## About this exercise
Below are records; please write out exactly the lines from the first line through the line containing "スカートは前にボリュームを出", with no pictures.

## Stored data entries
BEGIN
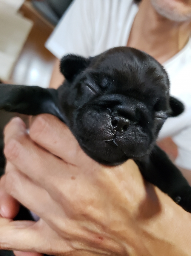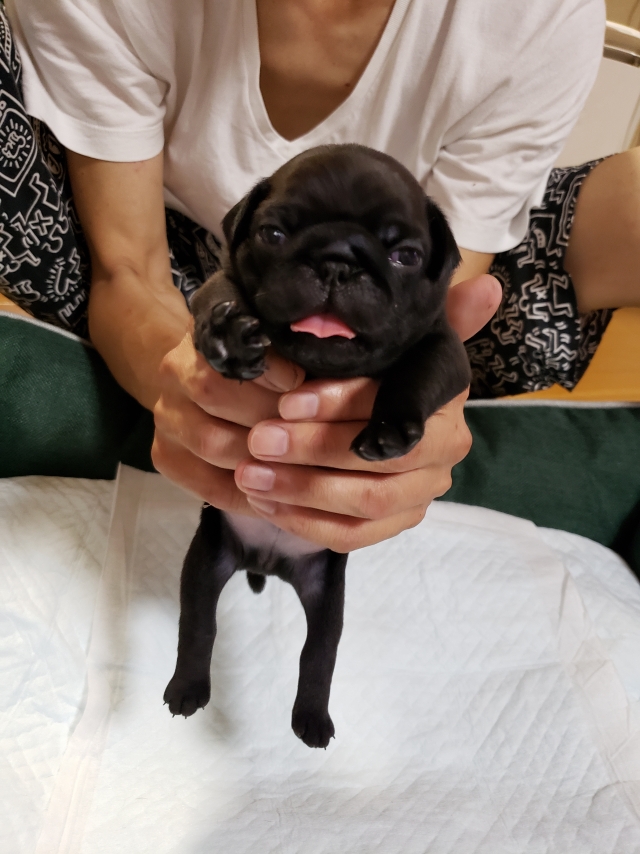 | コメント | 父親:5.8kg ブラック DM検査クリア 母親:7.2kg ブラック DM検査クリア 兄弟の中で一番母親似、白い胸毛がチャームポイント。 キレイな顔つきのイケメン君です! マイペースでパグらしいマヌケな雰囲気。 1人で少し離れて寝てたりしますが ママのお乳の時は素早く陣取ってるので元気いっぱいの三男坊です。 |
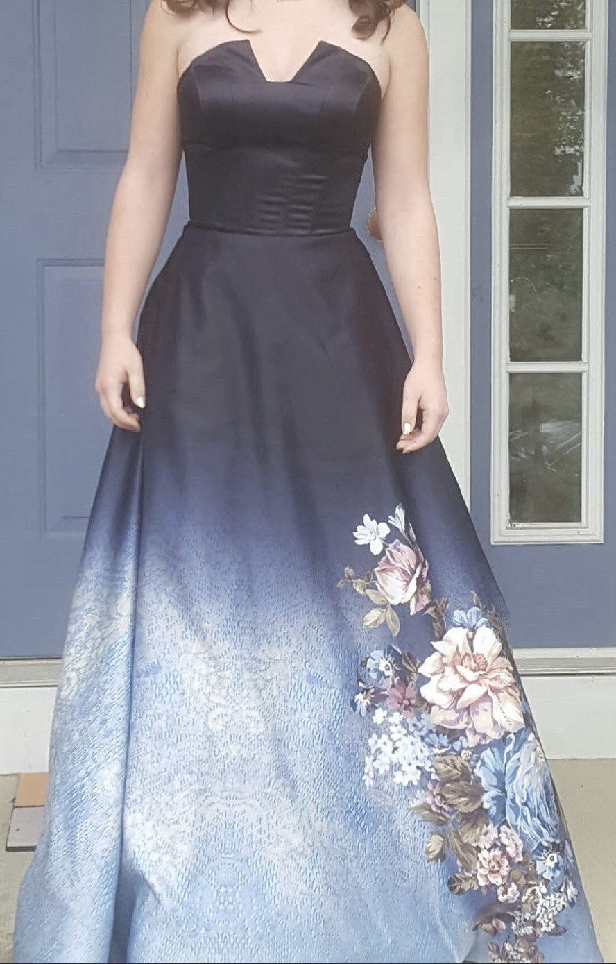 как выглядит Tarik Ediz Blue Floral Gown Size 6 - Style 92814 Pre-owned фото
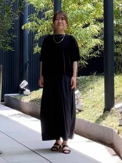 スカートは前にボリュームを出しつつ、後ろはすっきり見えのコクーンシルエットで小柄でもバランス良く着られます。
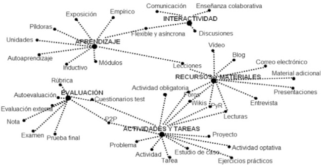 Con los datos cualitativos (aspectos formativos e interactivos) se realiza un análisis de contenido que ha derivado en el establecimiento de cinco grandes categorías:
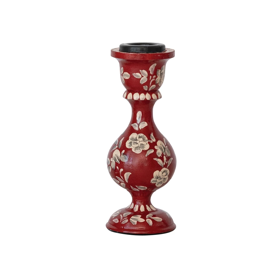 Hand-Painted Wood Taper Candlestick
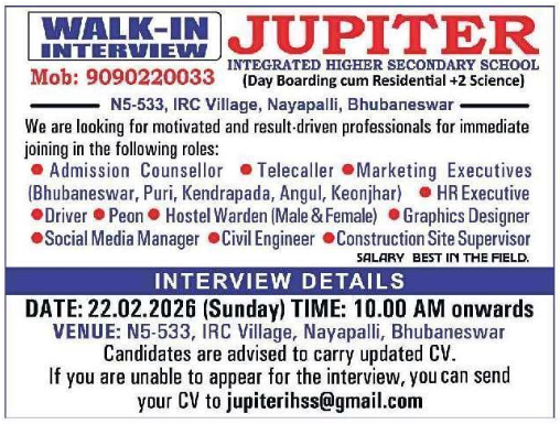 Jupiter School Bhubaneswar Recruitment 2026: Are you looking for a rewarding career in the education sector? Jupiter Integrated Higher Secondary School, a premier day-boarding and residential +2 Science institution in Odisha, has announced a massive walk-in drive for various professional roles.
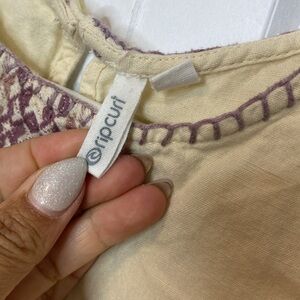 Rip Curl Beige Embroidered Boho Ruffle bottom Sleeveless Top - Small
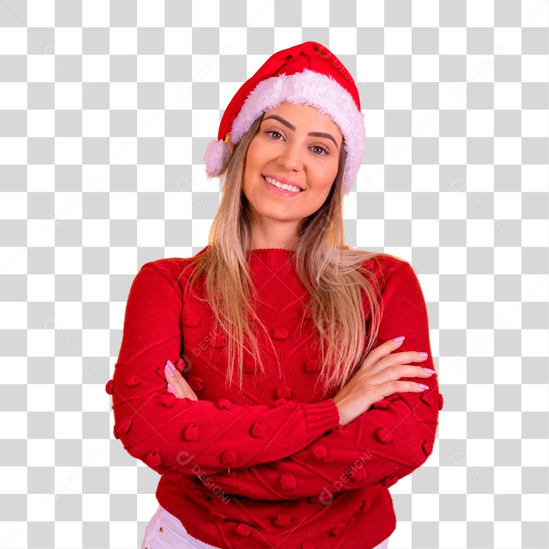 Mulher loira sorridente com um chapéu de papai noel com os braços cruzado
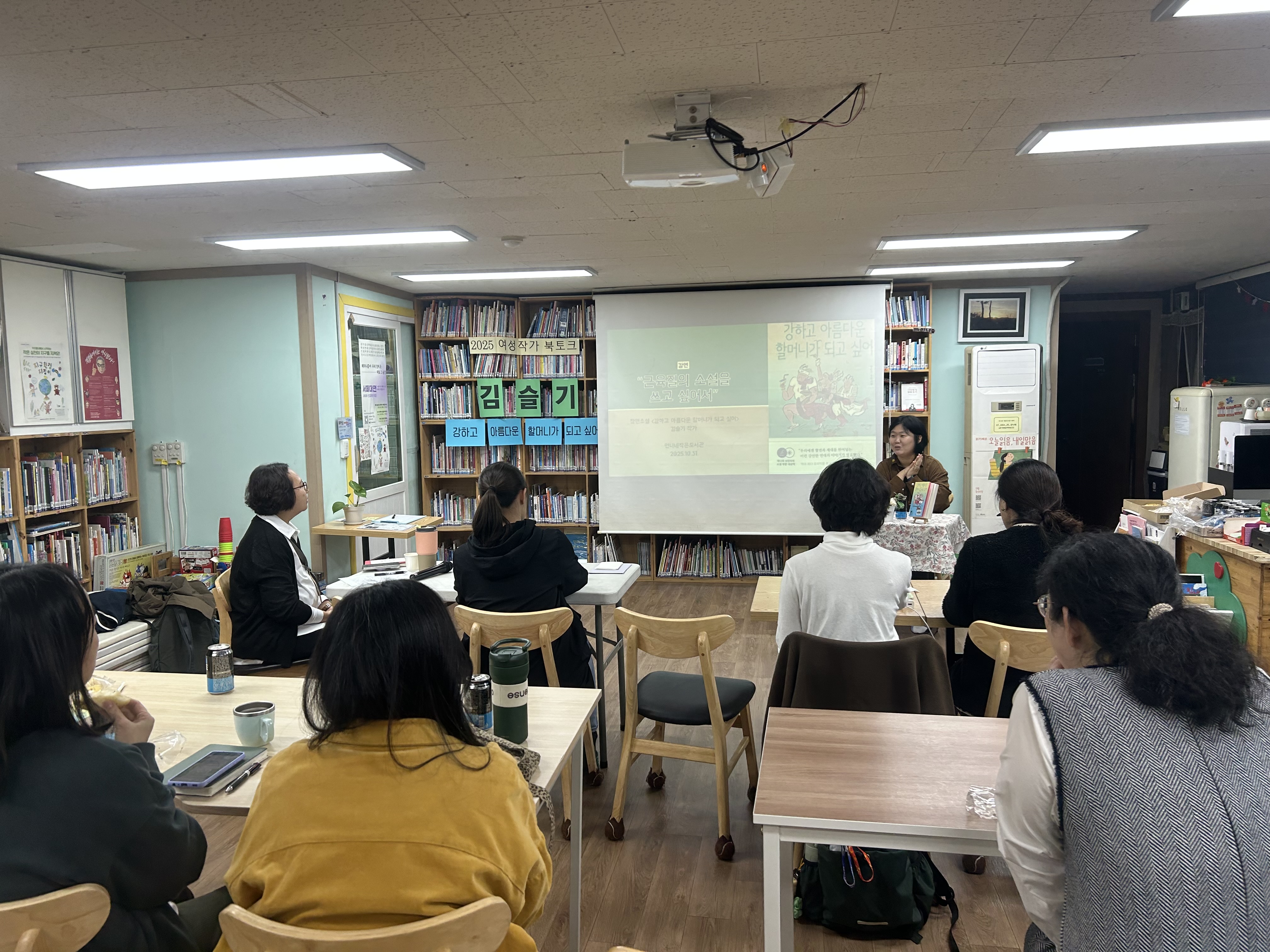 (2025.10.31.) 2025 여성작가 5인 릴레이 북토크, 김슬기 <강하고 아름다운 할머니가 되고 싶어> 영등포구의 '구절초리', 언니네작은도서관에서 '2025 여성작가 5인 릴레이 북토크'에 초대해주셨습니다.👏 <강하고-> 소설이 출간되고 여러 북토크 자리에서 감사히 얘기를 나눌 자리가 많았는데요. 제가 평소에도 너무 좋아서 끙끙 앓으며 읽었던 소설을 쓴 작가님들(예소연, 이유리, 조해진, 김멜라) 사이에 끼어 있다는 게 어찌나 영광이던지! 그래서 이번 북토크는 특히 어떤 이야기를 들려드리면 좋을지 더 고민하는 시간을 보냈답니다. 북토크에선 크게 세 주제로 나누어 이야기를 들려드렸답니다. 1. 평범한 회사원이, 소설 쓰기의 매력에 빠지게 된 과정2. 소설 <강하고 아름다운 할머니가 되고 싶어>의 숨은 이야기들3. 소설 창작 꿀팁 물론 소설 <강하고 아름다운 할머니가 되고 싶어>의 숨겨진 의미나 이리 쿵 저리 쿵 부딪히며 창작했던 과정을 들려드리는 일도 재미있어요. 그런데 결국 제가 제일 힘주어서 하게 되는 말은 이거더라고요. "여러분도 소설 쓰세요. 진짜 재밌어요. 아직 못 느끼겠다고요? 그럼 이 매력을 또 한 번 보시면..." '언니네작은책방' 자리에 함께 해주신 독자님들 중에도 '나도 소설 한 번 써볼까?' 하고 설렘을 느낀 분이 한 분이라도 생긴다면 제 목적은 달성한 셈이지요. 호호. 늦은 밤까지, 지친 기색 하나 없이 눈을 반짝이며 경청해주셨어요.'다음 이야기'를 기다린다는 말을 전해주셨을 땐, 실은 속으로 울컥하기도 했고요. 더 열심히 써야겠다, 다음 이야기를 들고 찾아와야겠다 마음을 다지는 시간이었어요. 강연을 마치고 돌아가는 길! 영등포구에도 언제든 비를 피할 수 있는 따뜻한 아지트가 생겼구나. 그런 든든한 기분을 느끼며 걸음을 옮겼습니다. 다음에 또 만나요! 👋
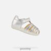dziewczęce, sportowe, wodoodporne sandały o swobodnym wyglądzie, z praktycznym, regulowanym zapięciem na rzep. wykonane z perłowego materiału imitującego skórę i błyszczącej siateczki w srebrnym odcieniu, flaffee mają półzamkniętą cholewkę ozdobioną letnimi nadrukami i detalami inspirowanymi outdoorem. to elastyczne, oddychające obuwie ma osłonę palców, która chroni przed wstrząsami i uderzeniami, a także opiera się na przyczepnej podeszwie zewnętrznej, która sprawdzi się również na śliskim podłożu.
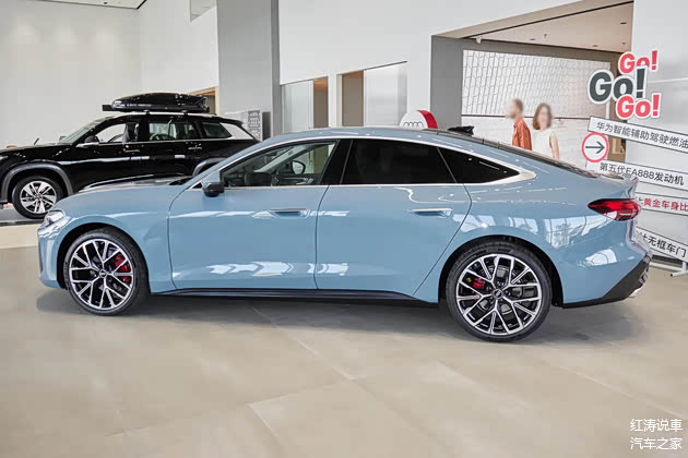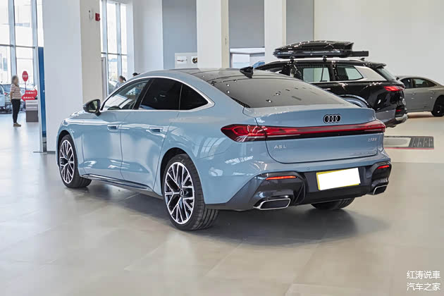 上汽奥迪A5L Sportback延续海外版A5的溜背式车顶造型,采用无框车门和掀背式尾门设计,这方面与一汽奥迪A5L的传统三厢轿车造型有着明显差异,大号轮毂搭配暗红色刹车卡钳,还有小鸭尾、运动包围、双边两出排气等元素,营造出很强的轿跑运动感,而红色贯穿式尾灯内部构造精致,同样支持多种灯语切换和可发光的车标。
END
## Answer to the problem
 | コメント | 父親:5.8kg ブラック DM検査クリア 母親:7.2kg ブラック DM検査クリア 兄弟の中で一番母親似、白い胸毛がチャームポイント。 キレイな顔つきのイケメン君です! マイペースでパグらしいマヌケな雰囲気。 1人で少し離れて寝てたりしますが ママのお乳の時は素早く陣取ってるので元気いっぱいの三男坊です。 |
 как выглядит Tarik Ediz Blue Floral Gown Size 6 - Style 92814 Pre-owned фото
 スカートは前にボリュームを出しつつ、後ろはすっきり見えのコクーンシルエットで小柄でもバランス良く着られます。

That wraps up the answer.